Print, exactly as they stand, the lines below from the one that has "ғана пайдалануға болады." to the one that has "模板参数 Ret : 被调用函数的返回类型", inclusive, leaving out the pictures.
*** Opening of Data for this task ***
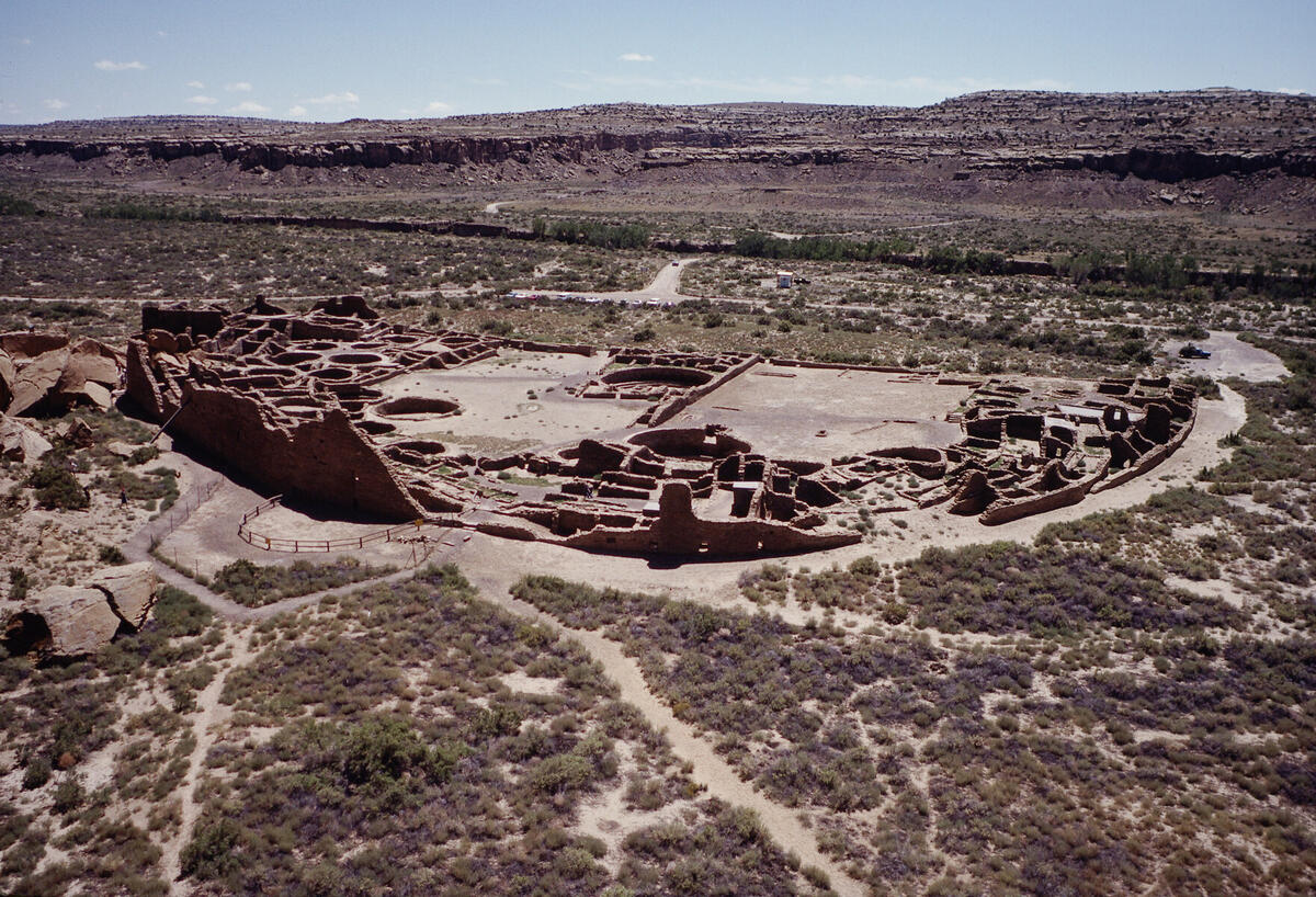 At Chaco Canyon. Pueblo Bonito seen from the Pueblo Alto Trail.
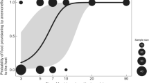 After individual fish were introduced to the respirometers on Day 1, \(\dot{M}{O}_{2}\) was measured repeatedly overnight and part way into the next day until >120 \(\dot{M}{O}_{2}\)measures were obtained. At that point, the standard metabolic rate (SMR. i.e. the best estimate of basal metabolism under experimental conditions) of fish under fully oxygenated conditions was estimated by plotting the frequency distribution of \(\dot{M}{O}_{2}\) data and extracting the 15th percentile value according to the methodology of18,19,20,21. Once SMR was resolved, the % air saturation level of seawater within the reservoir tank was reduced in progressive steps by bubbling nitrogen gas through seawater instead of air. Two water pumps (Eheim 300, Eheim GmbH, Deizisau, Germany) were used to mix the reservoir tank. The target O2 levels in the reservoir tank were adjusted to ensure that the measured O2 level in the middle of the closed respirometry cycles progressed in steps across the following 6 levels: 60, 40, 30, 25, 20, 15, 10 and 5% air saturation. \(\dot{M}{O}_{2}\) was measured 3 times at 60, 40, 30 and 25% air saturation, twice at 20% air saturation and once at 15, 10 and 5% air saturation. The critical O2 saturation (S crit) limit of A. frenatus was subsequently measured using the methodology of Behrens and Steffensen22 and Cumming and Herbert23. In brief, mean \(\dot{M}{O}_{2}\) at each O2 level was calculated and a repeated measures one-way ANOVA used to test the null hypothesis that O2-specific values of \(\dot{M}{O}_{2}\) were not significantly below the measure of SMR under fully oxygenated conditions. A Holm-Sidak post-hoc test identified \(\dot{M}{O}_{2}\) values that failed this hypothesis, which signified that fish could no longer regulate SMR at those O2 levels. A linear regression was subsequently plotted through that \(\dot{M}{O}_{2}\) data with a forced y intercept of zero. SMR was extrapolated across the entire range of O2 and the associated point of intercept between the two linear equations identified S crit in units of % air saturation. O2 levels >80% air saturation were considered as being fully air-saturated (i.e. normoxic).
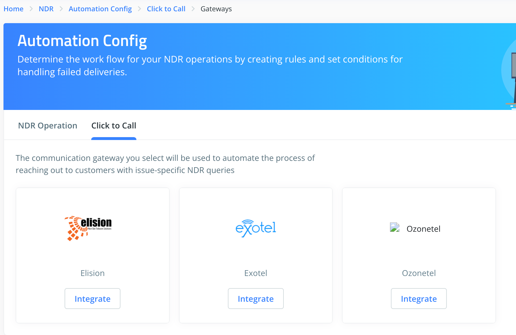 Dashboard → NDR → Automation Config → Click to Call
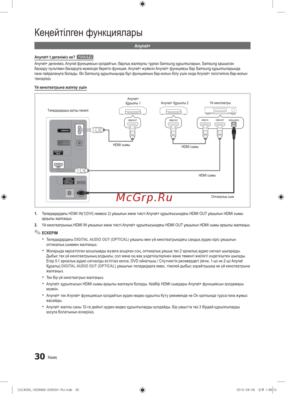 ғана пайдалануға болады. Өз Samsung құрылғыңызда бұл функцияның бар-жоғын білу үшін онда Anynet+ логотипінің бар-жоғын
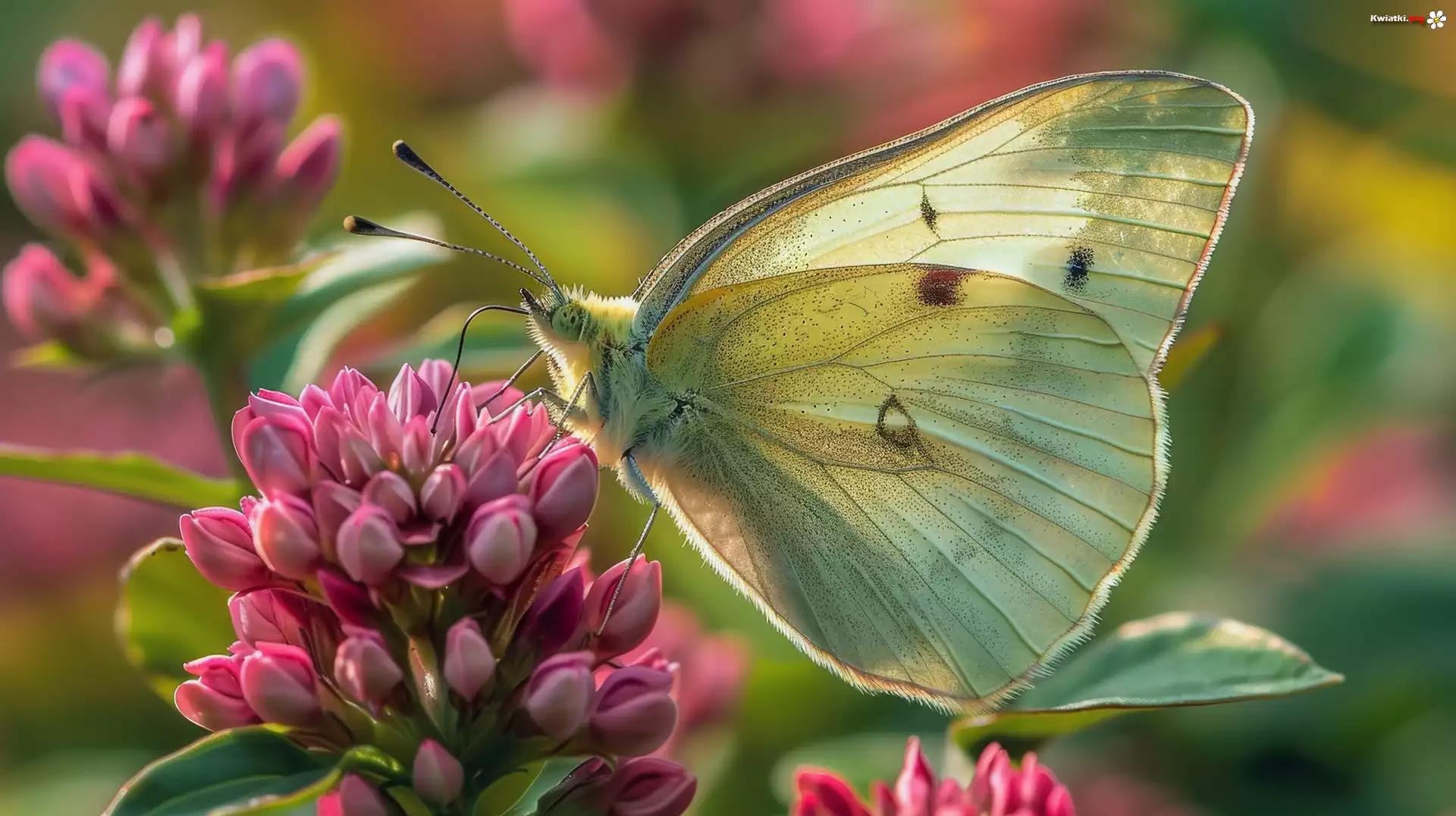 Kwiat Motyl, Bielinek kapustnik, Kwiaty, Światło, Grafika
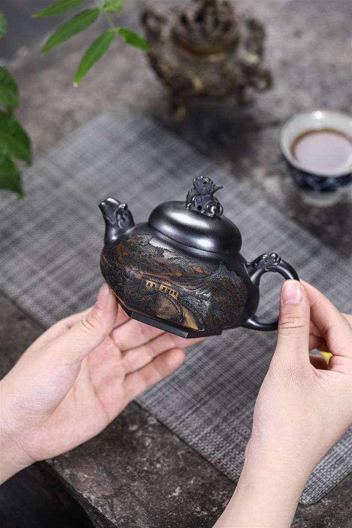 紫砂壺純全手工刻繪原礦紫泥寒香漁翁茶壺小毫升茶具130毫升pot3864
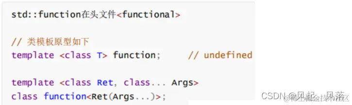 模板参数 Ret : 被调用函数的返回类型 ...Args作为参数包,这个参数包中包含0到任意个模板参数 Args... :被调用函数的形参
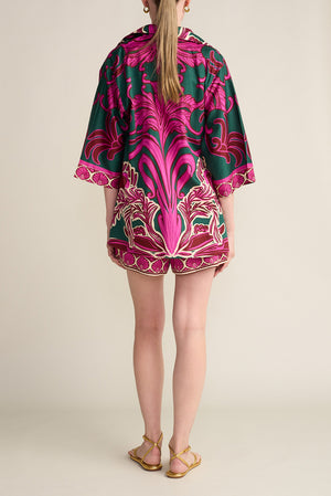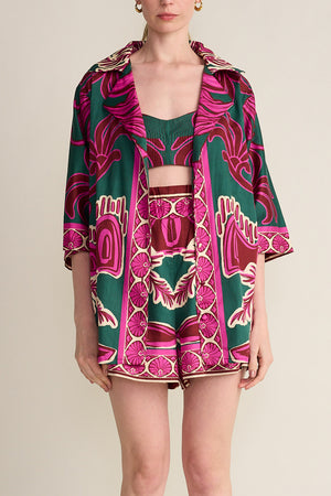 A loose-fitting shirt in a striking tropical-inspired print. Made with lightweight fabric, it features a relaxed silhouette and medium-length sleeves for an elevated yet timeless look.
*** Close of Data for this task ***
> [Answer below]
 ғана пайдалануға болады. Өз Samsung құрылғыңызда бұл функцияның бар-жоғын білу үшін онда Anynet+ логотипінің бар-жоғын
 Kwiat Motyl, Bielinek kapustnik, Kwiaty, Światło, Grafika
 紫砂壺純全手工刻繪原礦紫泥寒香漁翁茶壺小毫升茶具130毫升pot3864
 模板参数 Ret : 被调用函数的返回类型 ...Args作为参数包,这个参数包中包含0到任意个模板参数 Args... :被调用函数的形参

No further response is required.